Comment by solomatov
5 hours ago
> that he doesn't really understand how inference works from a technical perspective
Could you share what tells about it? I.e. where he was wrong about it?
5 hours ago
> that he doesn't really understand how inference works from a technical perspective
Could you share what tells about it? I.e. where he was wrong about it?
There's examples both in his writing and also in his appearances on podcasts, interviews, etc.
I'll cherry pick a couple:
“When these new models ‘reason,’ they break a user’s input and break into component parts, then run inference on each one of those parts.” [1]
This is not at all how test-time compute works. At best, this is a very loose metaphor that he may have used out of convenience. This might sound a bit pedantic to point out, but this is a very basic thing that he's getting wrong (presumably at least, again it could be that he just used a poor metaphor).

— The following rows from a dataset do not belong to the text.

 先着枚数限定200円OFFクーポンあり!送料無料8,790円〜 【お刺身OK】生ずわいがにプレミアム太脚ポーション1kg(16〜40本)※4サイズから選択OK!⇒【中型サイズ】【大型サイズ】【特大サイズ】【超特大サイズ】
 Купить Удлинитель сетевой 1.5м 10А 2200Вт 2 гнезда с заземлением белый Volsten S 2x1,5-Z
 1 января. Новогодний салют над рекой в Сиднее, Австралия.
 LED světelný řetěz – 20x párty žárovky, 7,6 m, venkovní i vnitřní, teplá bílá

A less pedantic example would be his claims related to gpt-5/chatgpt auto-routing. He argued that having a router means OpenAI can no longer cache static prompts, because the user prompt has to come before the hidden instructions [2]. This is just not at all how this works at inference-time. There is no evidence that the standard approach of system>developer>user instruction hierarchy has changed, the public API and caching docs maintain this.

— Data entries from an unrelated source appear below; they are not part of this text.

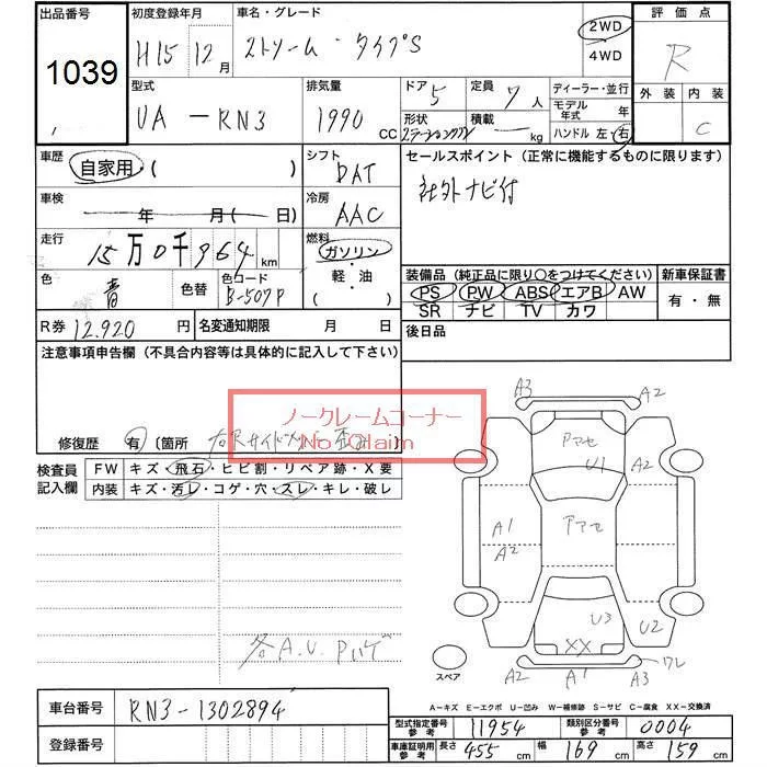 Honda STREAM с аукциона Японии JU Toyama лот № 1039
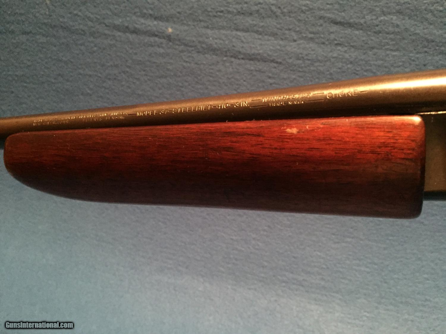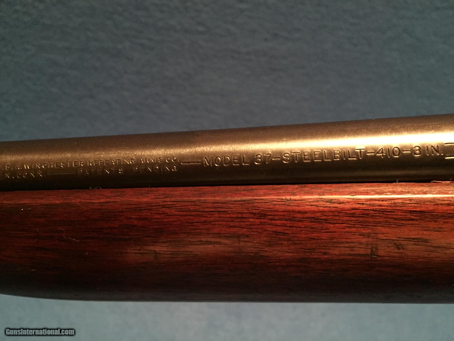 Description: Mod 37 Steel built 410 3 IN full choke. Clean gun with very nice wood with all it's original varnish. The receiver retains 95% with only two or three small light scratches with light wear at the end of the muzzle. Nice clean butt plate. A fine 410 with bright shinny bore SOLD |
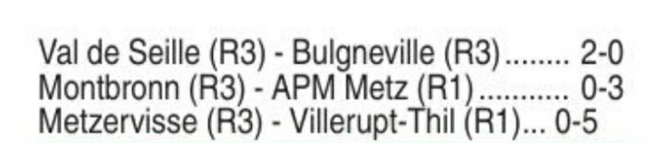 ES Rimling - US Thionville : 0-8 (le match a bien eu lieu sur le terrain de Rimling,qui au passage joue en maillot grenat)
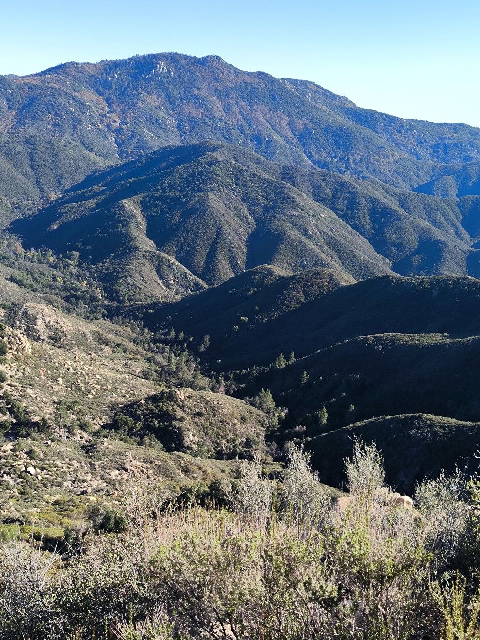 Am späten Nachmittag laufen wir auf einem seitlichen Abzweiger hinunter bis zur Cleghorn Picnic Area. Da liegt ein stattlicher Bärenhaufen neben den Picknick-Tischen, der ganz sicher von einem ausgewachsenen Bären stammt. Bisher waren es immer eher kleine Exemplare, wenn wir Spuren gesehen haben. Das ganze Erholungsgebiet ist abgesperrt und mit Verbotsschildern bestückt. Hier hat es großflächig gebrannt, und das kann noch gar nicht so lange her sein. Es ist überhaupt keine neue Vegetation zu sehen, bisher wächst nicht ein einziger Halm. So etwas wirkt immer ziemlich trostlos. Es gibt einen funktionierenden Wasserspender, obwohl der Park zur Zeit gar nicht genutzt werden darf. Darauf hatten wir gehofft und füllen alle unsere Flaschen. Das Wasser schmeckt gechlort, sind wir gar nicht gewohnt. Wir tragen zwei Stunden lang die volle Ladung und laufen damit bis in die Dunkelheit. Oberhalb des Silverwood Lake finden wir ein Plätzchen für die Nacht. Die Luft ist mild. Wir können draußen kochen und essen, ohne zu frieren.
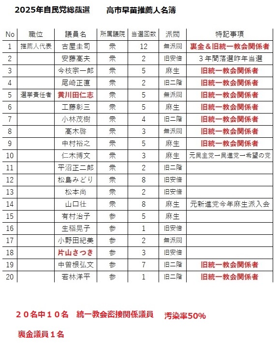 綺麗に「大掃除完了」と思いきや今回は統一教会議員汚染率がなんと50%で古屋圭司と言う古参の裏金議員が推薦人代表で潜り込んでいました。
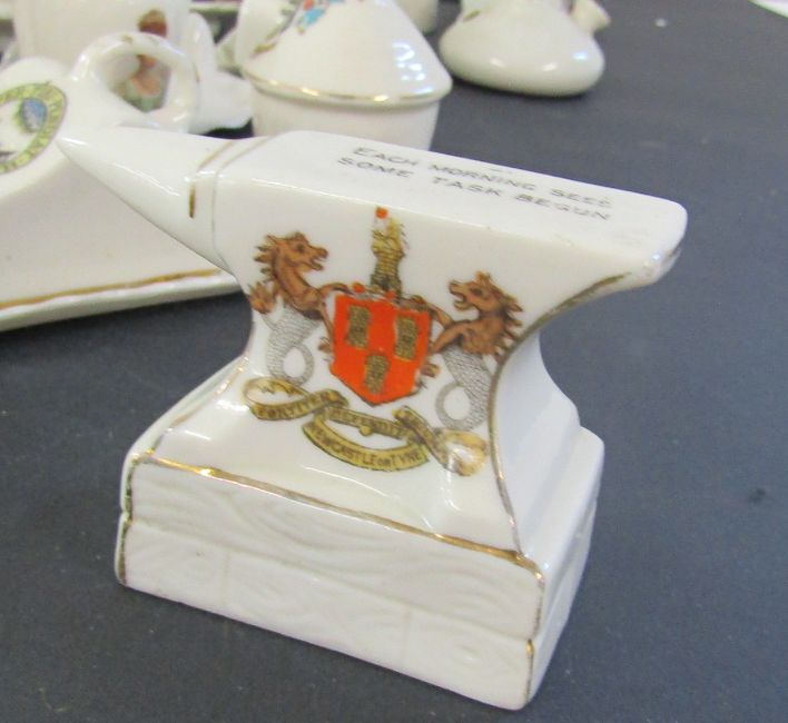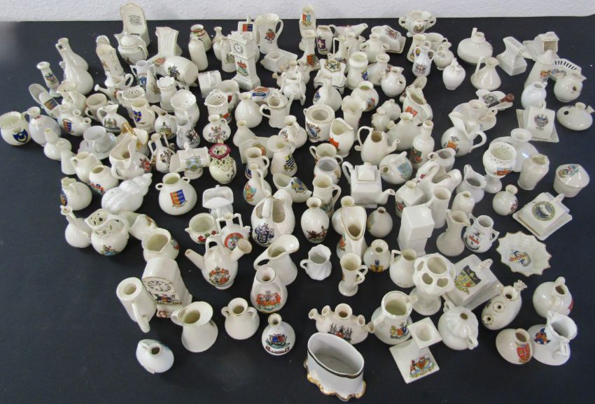 Large collection of crested china including clocks, pots, candle holders, teapots etc

But even more broadly, it suggests he is reasoning about kv/prefix caching at the wrong level of abstraction. It's true that conventional prefix caching does require a stable prefix, so yes, if you literally put variable user content before the static prompt, you would destroy the cacheability of that static prompt.
But that is exactly why inference systems are designed to preserve reusable prefixes where possible (via checkpointing or similar), and why serving systems care so much about prefix caching. This is also a big part of how disaggregated prefill/decode infra works where cache-aware routing is critical. His argument treats a bad prompt layout as if it were a necessary consequence of routing, rather than an avoidable implementation choice.
A router can read the user request, decide which model path to use, and then construct a normal downstream model call with stable static instructions first and user content later. Treating that as impossible implies a fundamental architectural misunderstanding.